For ages 3–5, Children’s Home + Aid Society had the largest percentage of students with at least a 0.5 gain (87.8%).
Christopher House Breakout Group(s) report
What’s the right narrative to accompany these data?
Christopher House directors may be tempted to focus on just the agency’s strengths rather than its weaknesses. Although there are bright spots, like the percentage of children ages 3–5 who are making significant gains in reading, there are also concerns. For example, only 23% of parents are reading to their child for 20 minutes every night. Further, only 58.8% of children are making significant gains in the years 0–3. This suggests that there are both encouraging signs and opportunities for growth.
What might make Christopher House’s data more or less comparable to those of the other CBC partners?
Students will typically report that these data might be measured in different ways and so they are not strictly comparable. However, the case explicitly mentions that the CBC partners used the exact same measures, so it is important to correct them on this point.
Other factors might include the degree to which different agencies only serve low-income students or whether Christopher House serves a greater number of students who speak English as a second language.
Are changes in the literacy indicator for school readiness linked to changes in parents reading to their children?
The charts provided in the case do not prove such a link, but the data-sharing system that CBC uses allows the member agencies to statistically analyze whether children whose parents made gains in reading to them every night also increased their literacy the subsequent year. Having a data system that tracks both leading and lagging indicators at the client level makes that possible.
Chinese American Service League Breakout Group(s) report
How should you interpret the results? Can you rely on the data related to parent reading? Do the data accurately reflect parents’ reading engagement?
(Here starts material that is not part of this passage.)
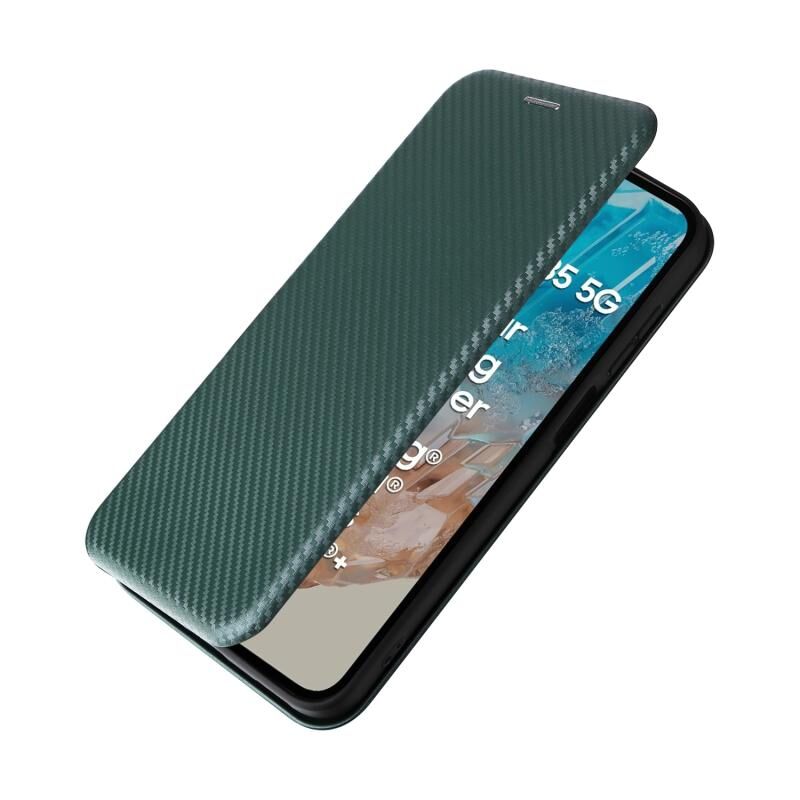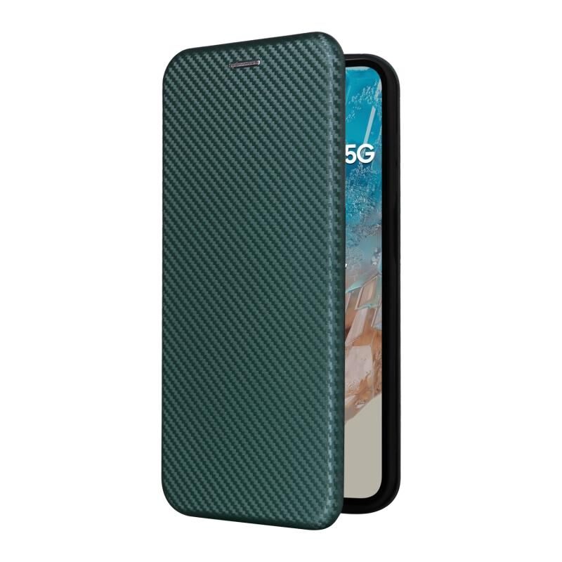 Για Samsung Galaxy M35 Carbon Fiber Texture Flip δέρμα τηλέφωνο υπόθεση (πράσινο)

One key consideration in determining the comparative accuracy of parental reading rates is response rate to the parent survey. In particular, Christopher House’s survey response rate is relatively lower than the others, at 40%. Students could determine this by comparing Christopher House’s total number of children in Exhibit 4 (294) with its number of survey respondents in Exhibit 3 (116). Lower rates of response lend themselves to questions of response bias: Were parents who made no gains less likely to complete the survey, leading Christopher House to inflate its success? A second concern is the accuracy of the parents’ self-reported behavior. There may be a tendency for some parents to report what they had hoped to do rather than what they actually did.
How can the data be pulled together to develop SMART goals?
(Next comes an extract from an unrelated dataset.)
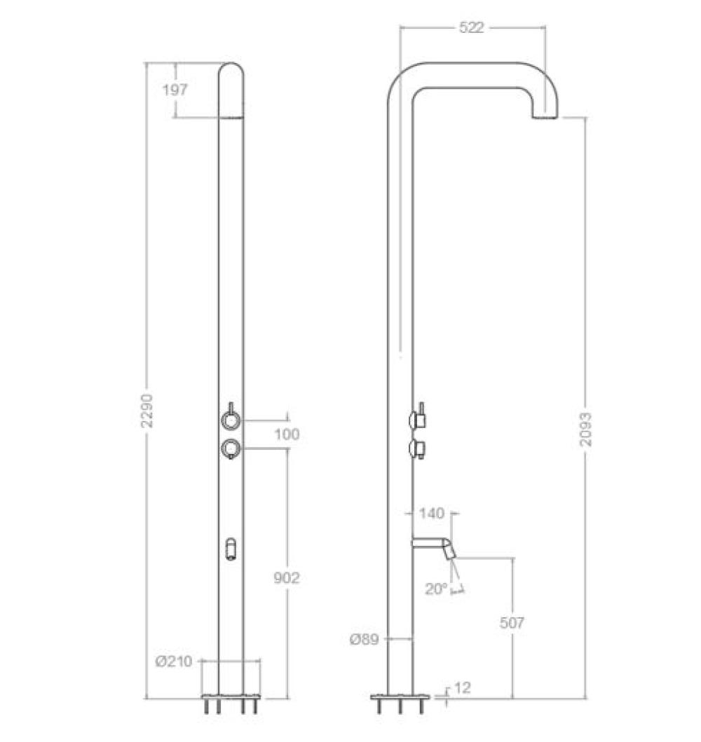 Columna de ducha, cobre cepillado

SMART goals are only as good as the data you collect. With faulty data, both the evaluation of the baseline and realistic progress are undermined.
Erie Neighborhood House Breakout Group(s) report
How do you make sense of the discrepancy between the leading (parent engagement) and lagging (literacy) indicators?
There are a couple of ways students might go with this answer. Some student groups will focus on the difficulty of ensuring the accuracy of the leading indicator data. Others will question the logic of the theory that parents reading to their children is a determining factor of school readiness. A number of other factors could affect a child’s school readiness, including instructional quality in the classroom and unique challenges their population of students faces. Parent engagement alone may not be enough to overcome these issues.
How can a SMART goal and plan for improvement be developed, taking the data into account?
Students should be encouraged to think about a couple of factors. The first is a time lag, or how immediate is the impact of the leading indicator change on the lagging indicator. If this is the issue, then the data should show the correlation with parent reading the following year.
The second is whether parent engagement is the right lever for Erie Neighborhood House. Because its students start with relatively high literacy scores in comparison to other agencies, maybe another intervention is needed. In this case, the SMART goal wouldn’t focus on parent reading at all.